Ludwik Borkowski w świadomości opinii publicznej zaistniał głównie jako przyjaciel Michała Żurawskiego, z którym wystąpił w pierwszej edycji programu Azja Express. Udało im się wygrać wyścig, choć trzeba przyznać, że w dość kiepskim stylu. Pascal Brodnicki nazwał ich nawet "największymi cwaniakami programu". Borkowski z wielką atencją wysłuchiwał życiowych mądrości Żurawskiego, który zadbał o to, aby po programie było o nich głośno.
Jak jeszcze raz spytasz o drogę kobietę, to ci przypierdolę - zapowiedział Michał. Baby są, wiadomo, do wystrzelania. Kobiety są, wiesz, do czego. Do rodzenia dzieci, stania przy garach i bycia posłusznymi.
Na szczęście Ludwik nie wziął sobie do serca poglądów przyjaciela, a udział w programie postanowił wykorzystać do wylansowania swojej osoby w mediach. Początkujący aktor i fotograf miał nadzieję na to, że jego kariera nabierze tempa.
Azja Express dała mi rozpoznawalność, ludzie wiedzą kim jestem. Wygrałem Azję Express jako przeciętny człowiek z ulicy, który ma znajomego aktora. Teraz zaczęła się droga do tego, żeby udowodnić, że Ludwik jest też aktorem, a nie tylko jest tak podpisany _-_ snuł plany na przyszłość.
**__
__**
Niestety, zderzenie z rzeczywistością okazało się dla niego dość przykre. Po wielu miesiącach zabiegania o role, w kwietniu zrezygnowany postanowił zamieszkać w Londynie, gdzie spotkała się z nim dziennikarka Dzień Dobry TVN. Ludwik opowiedział jej o tym, że w Anglii na razie jedynie szlifuje swoje umiejętności aktorskie. Ale ma już precyzyjny plan, jak zrealizować swoje marzenia.

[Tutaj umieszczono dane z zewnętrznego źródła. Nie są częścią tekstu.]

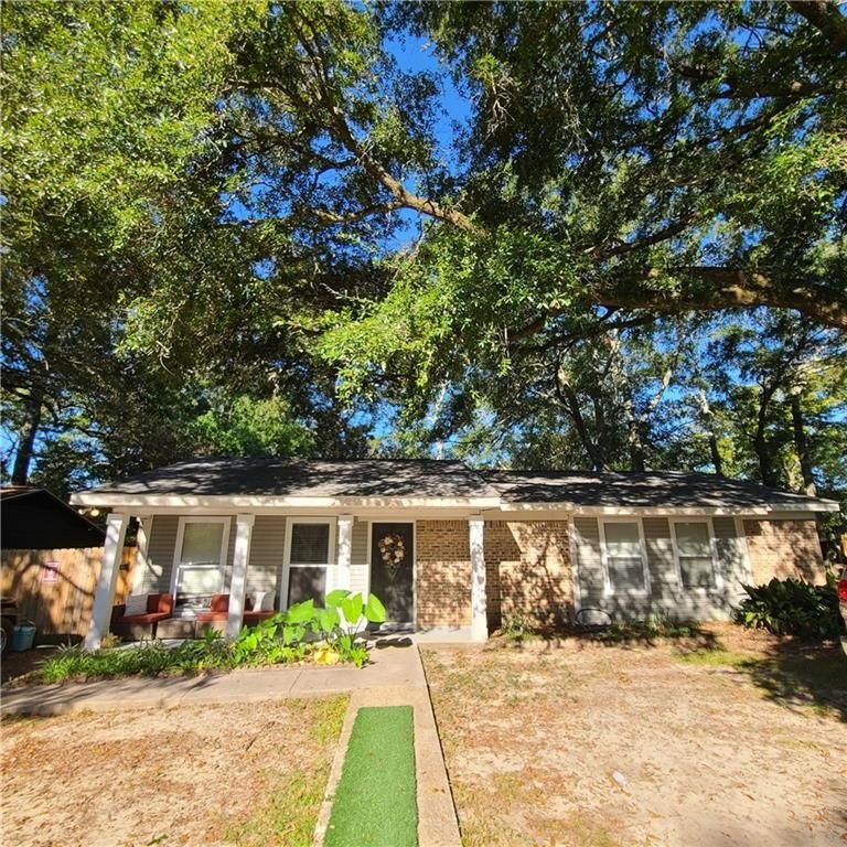 THE MOST OPEN CONCEPT YOU WILL FIND! GIGANTIC GREAT ROOM with VAULTED CEILINGS makes the room feel even LARGER! The ULTIMATE GATHERING SPACE! RECESSED LIGHTING and excess windows create MAXIMUM BRIGHTNESS. Perfectly placed kitchen has beautiful STONE COUNTER TOPS/BREAKFAST BAR, stainless steel appliances and built-in pantry. Master suite has remote fixture and totally renovated full bath. Fully updated hall bath. Wide elegant foyer entrance. Over-sized laundry room. NEW super durable flooring. NEW ROOF! Covered front porch. Nice back patio. Storage shed. Private back yard. Interstate 10 quick access to Florida and Mississippi. A MUST SEE WITH 4 BEDROOMS!
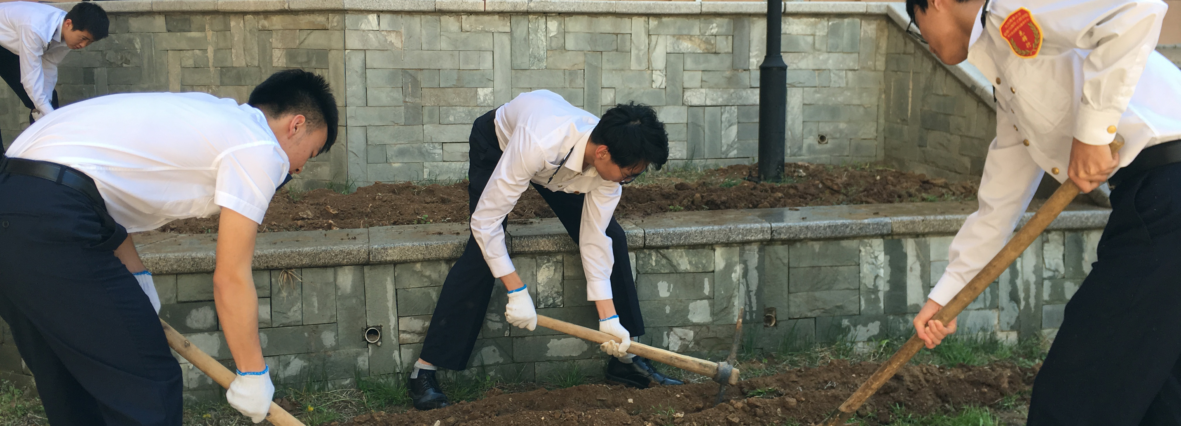 6日中午12点整,暖风习习,整个海大笼罩在午间轻松愉悦的氛围中,中心全体成员已经备好手套、铁锹等工具,按部门列队、分组分工,投入到紧张有序的劳动中。从清理荒地碎石砖块、拔除杂草,到测距定点、划线挖沟,不知不觉一个小时已经过去,荒废已久的空地已经焕然一新。次日正午,中心成员们将提前用生根粉浸泡过的月季花株搬运至栽种地点,沿着之前挖好的花沟一人栽花浇水、一人填土推平,配合默契。中心成员的行动引得不少经过的行人驻足,大���在了解成员们的行动后纷纷表示:一定会好好保护这片意义非凡的花木,用花香祝福海大生日快乐。
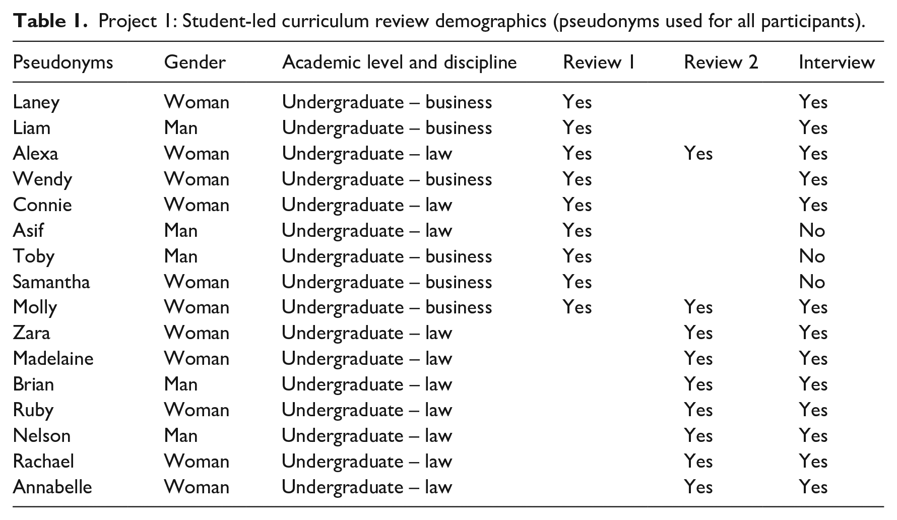 Project 1: Student-led curriculum review demographics (pseudonyms used for all participants).
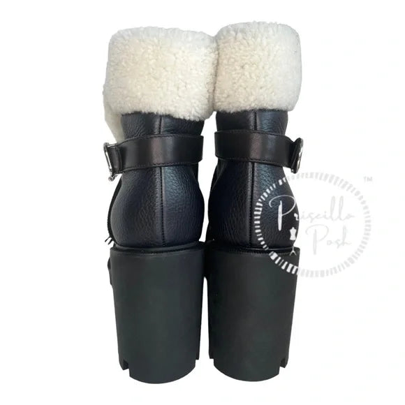 Christian Louboutin "Pole Chic" leather combat booties with dyed shearling (Italy) trim. 3" block heel.
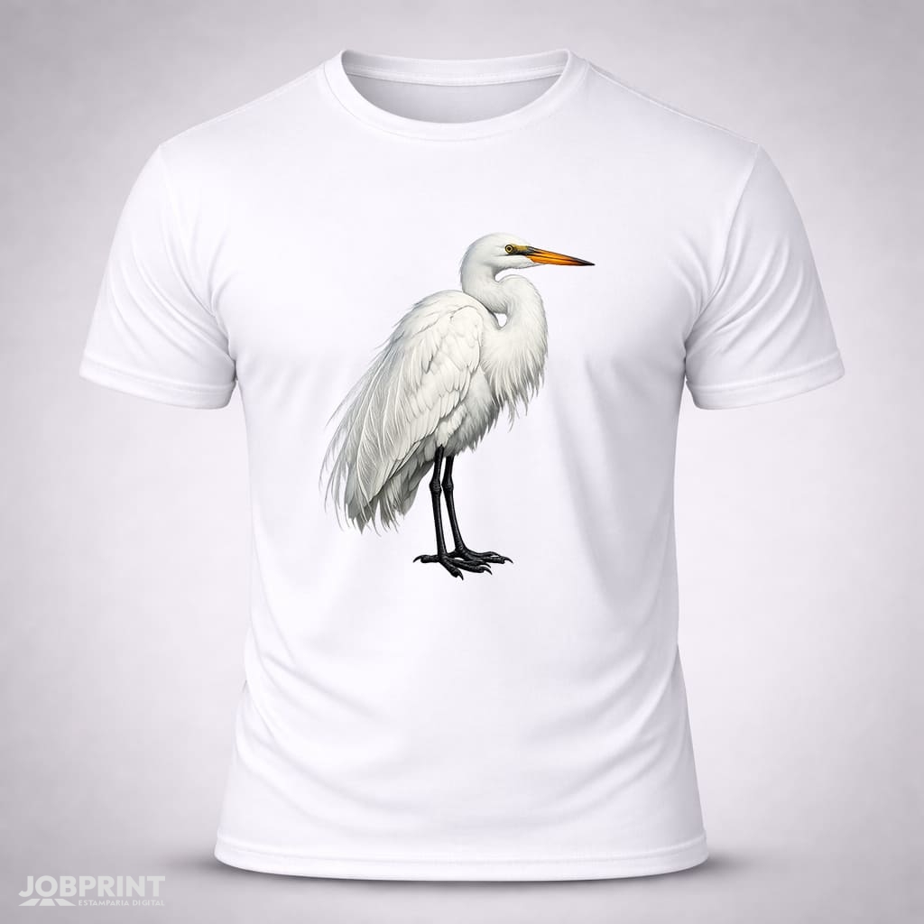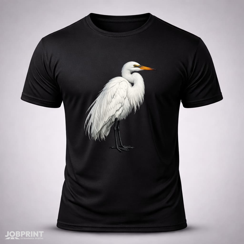 Camiseta Unissex Garça – Coleção Brasilidades, estampada em DTF Têxtil, 100% algodão fio 30.1 penteado, 160g/m². Conforto, estilo e identidade brasileira.
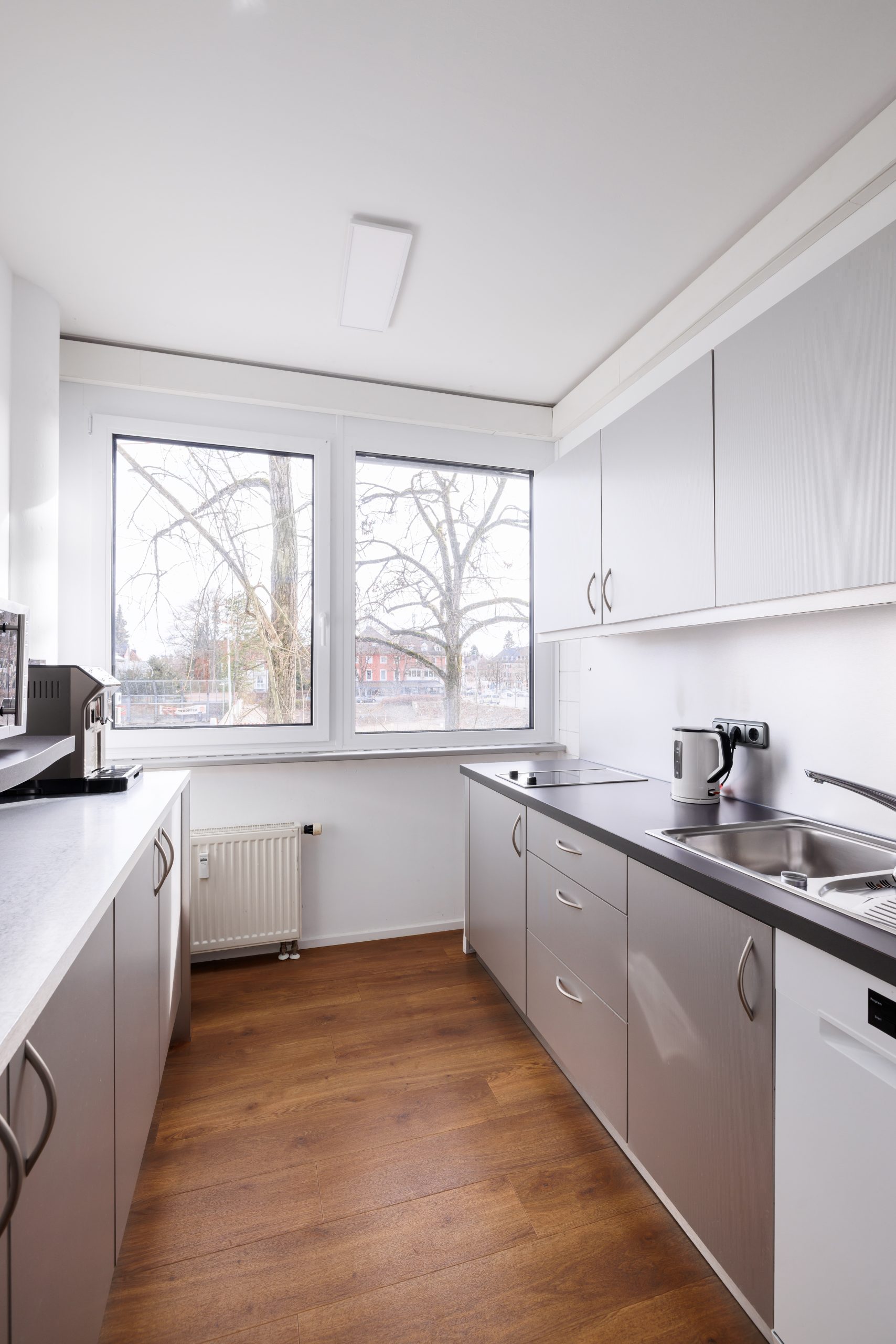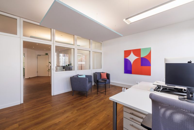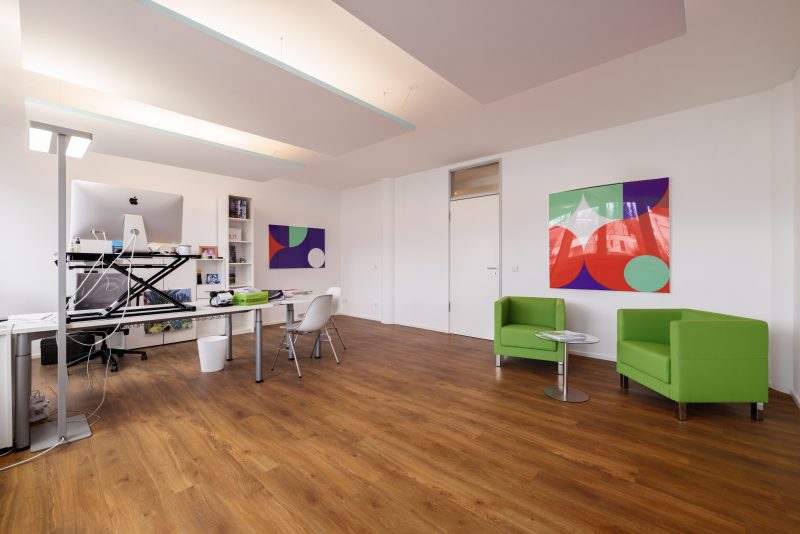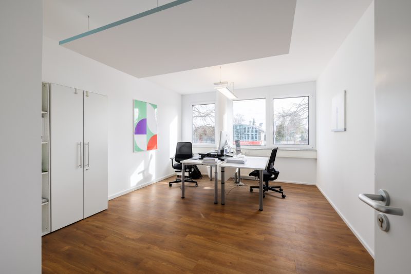 Die Büroeinheit ist in neuwertigem Zustand und wie folgt ausgestattet:1. Fußböden– Durchgehend schwellenlose Verlegung von hochwertigem Vinylboden in Holzoptik dunkel, kratzarm2. Innenausbau– Errichtung neuer Trockenbauwände– Anbringen von Akustikdecken sowie Dämmungen– Deckensegel farblich abgesetzt– Deckenspots als Beleuchtungssystem in Akustikdecken– Einbau zusätzlicher Glaselemente in den Büros für Lichtdurchflutung3. Leuchtsysteme– Deckensegel LED Panel (LEDVANCE)– Einbauspots LEDVANCE– Theke Pendelleuchte Deko-light– Stehleuchten Ideal Lux EMINENT (zwei Büros)– Wandleuchten up and down (Konferenzraum)4. Möblierung: Schreinermöbel – individuelle Anfertigungen, eigene Fertigung– Offener Garderobenschrank (Echtholz furniert)– Sideboard (Echtholz, furniert)– Aufsatzplatte Empfang (Eiche massiv)– Thekenbau (massiv und furniert)– Barbestuhlung, Sofa und Sessel– große Teeküche mit 2 Küchenzeilen mit Unterschränken, Kochfeld, Geschirrspülmaschine, Spülbecken und Oberschränken sowie freistehendem KühlschrankFür die Einrichtung und Ausstattung der Büroeinheit wünscht der Vormieter eine Ablöse. Näheres auf Anfrage.Das Gebäude ist ausgestattet:– Fenster: weiß mit Isolierverglasung– Sonnenschutz: elektrische außenliegende Jalousien– Personenaufzug– Tiefgarage (2 Stellplätze – kein Duplex)Die Miete beträgt:Miete netto 4.200,- €zzgl. 2 Stellplätze TG 100,- €HZ-VZ 220,- €BK-VZ 580,- €Warmmiete: 5.100,- €Zzgl 19 % MwSTBrutto Warm Miete 6.069,- €LAGE
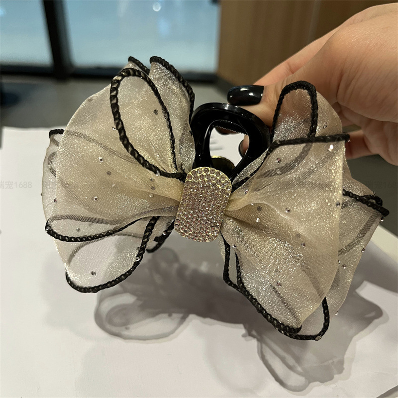 Bow hair clip, new Korean version lace hair grip with diamond hair accessory, simple headwear, back of the head updo hair clip for women
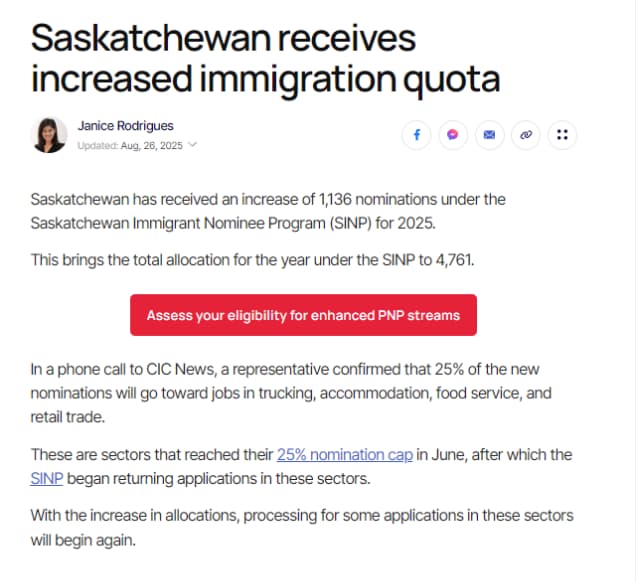 2025年8月26日消息,萨省省提名计划(SINP)获批额外 1,136 个名额,总配额升至 4,761,但新增名额多用于特定行业且大部分要求申请人已在加拿大境内,整体条件依然严格;相比之下,阿尔伯塔省企业家移民项目门槛更具弹性,更适合具备创业或投资计划的加拿大移民申请人。
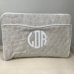 Our Quilted Makeup Bag comes in a slim envelope style that slips easily into an overnight bag, but still provides enough room for all your skincare and beauty essentials. Interior zipper pockets and toothbrush holder keeps the contents secure and organized. Customize your bag and choose from a durable yet beautiful satin or linen.
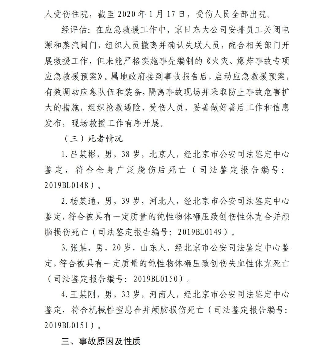 2019年12月3日2時43分許,北京順義區(qū)牛欄山鎮(zhèn)的(以下簡稱“京日東大公司”)一期生產(chǎn)車間內(nèi)發(fā)生燃氣爆炸事故,造成4人死亡,10人受傷,直接經(jīng)濟損失1429.563萬元。
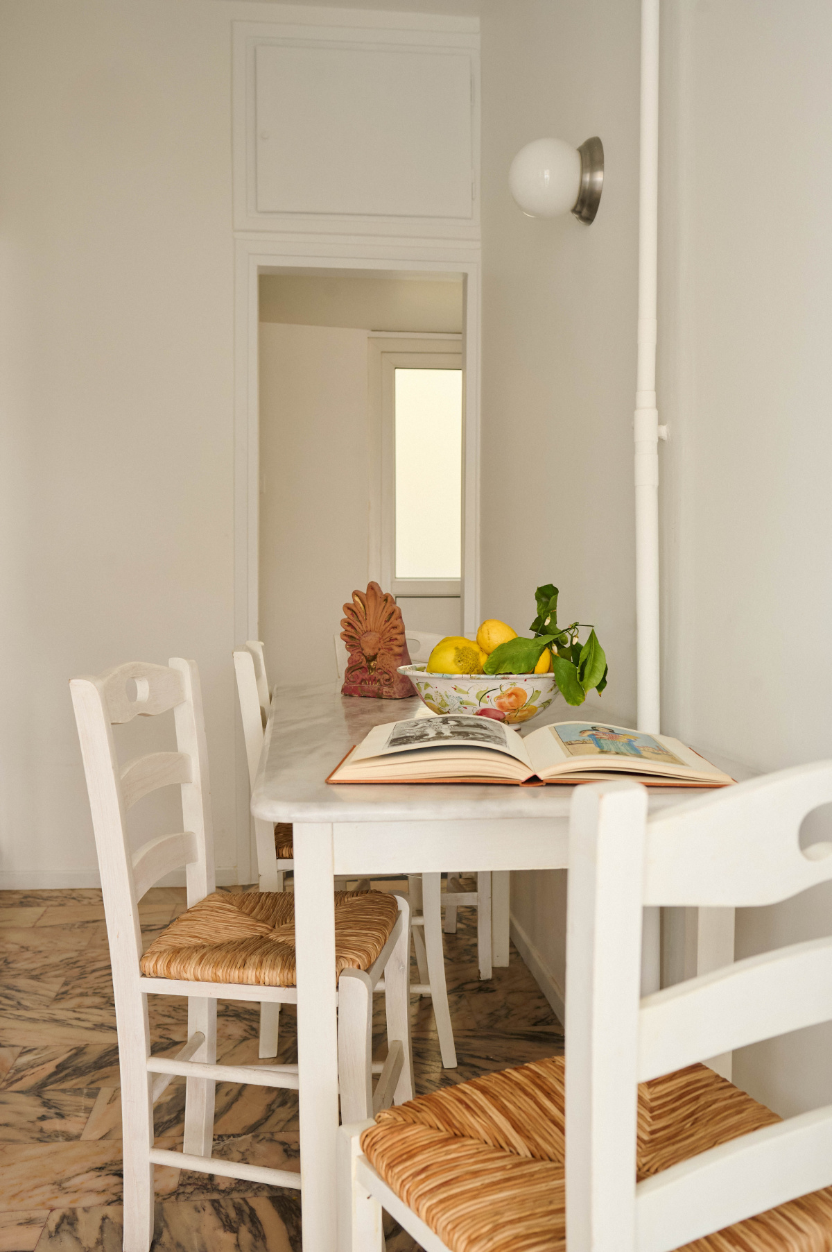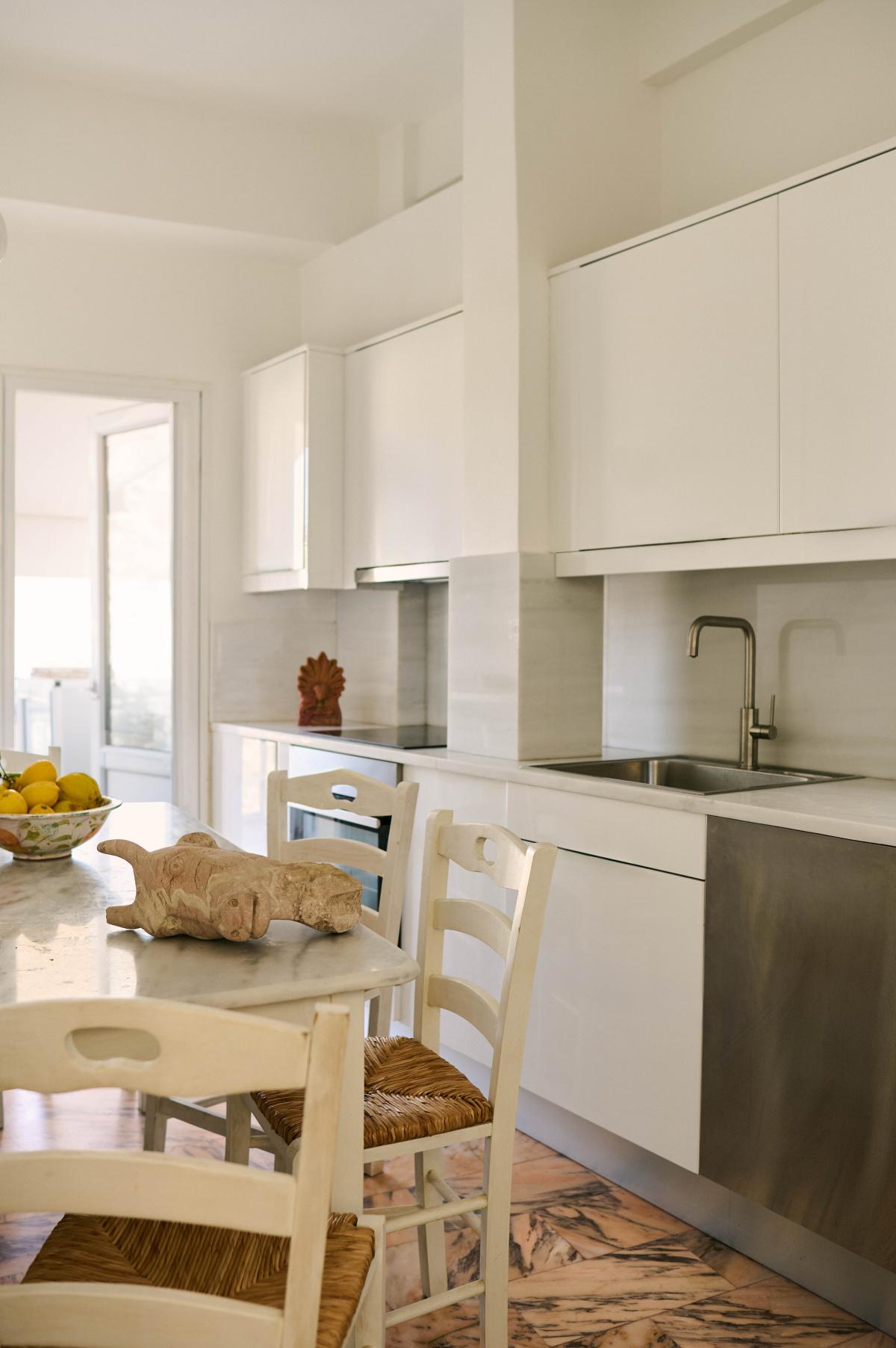 - The kitchen table and white chairs draw direct inspiration from traditional tavernas in the Cycladic islands.
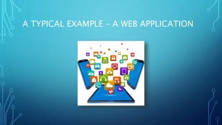 This document discusses using Amazon Web Services (AWS) to host a web application. It outlines various AWS services that can be used for computing, content storage and delivery, databases, user management, security, availability, and monitoring of the application. These include EC2 for computing, S3 and EBS for content, RDS and DynamoDB for databases, IAM for user management, KMS and Certificate Manager for security, Availability Zones for high availability, and CloudWatch for monitoring.

Tutaj jest pierwszy etap kursu, który sobie zaplanowałem. Dalsze etapy są w Los Angeles. Jedyne, czego teraz potrzebuję to pieniędzy, bo tu jest strasznie drogo, więc muszę pracować - opowiadał.
Borkowski z rozbrajającą szczerością przyznał, że z pieniędzy wygranych w programie nic nie zostało.
No tak, poszły, już miesiąc po programie. Chwila moment. Poszły na długi - zdradził.
Na szczęście uparty Ludwik szybko znalazł pracę, ktora pozwala mu się utrzymać.
Skoro trzeba pracować, to wybrałem sobie taką drogę typowo aktorską. Co robią aktorzy na Zachodzie? Są kelnerami, więc ja też nim jestem - mówi.
Wytrwały przyszły gwiazdor jest pełen optymizmu i nie zamierza się poddawać.
Jak to mówił Tom Hanks, gdyby to było łatwe, to by to robili wszyscy, więc krótko mówiąc, trzeba się trochę postarać i zaprzeć w sobie, żeby coś osiągnąć - podkreśla.
Być może wiary we własne siły dodaje mu jego druga połówka? Borkowski już jakiś czas temu wyznał bowiem na swoim Instagramie, że jest zakochany.
To już druga moja podróż do kraju miętowej czekolady i herbaty z mlekiem, a Big Ben wciąż opatulony w ciemny kubraczek. Ja też w ciemnych kolorach, ale w sercu wciąż kolorowo mimo napięć i lęków związanych z nową pracą i kursem aktorskim, bo jest miłość... - napisał.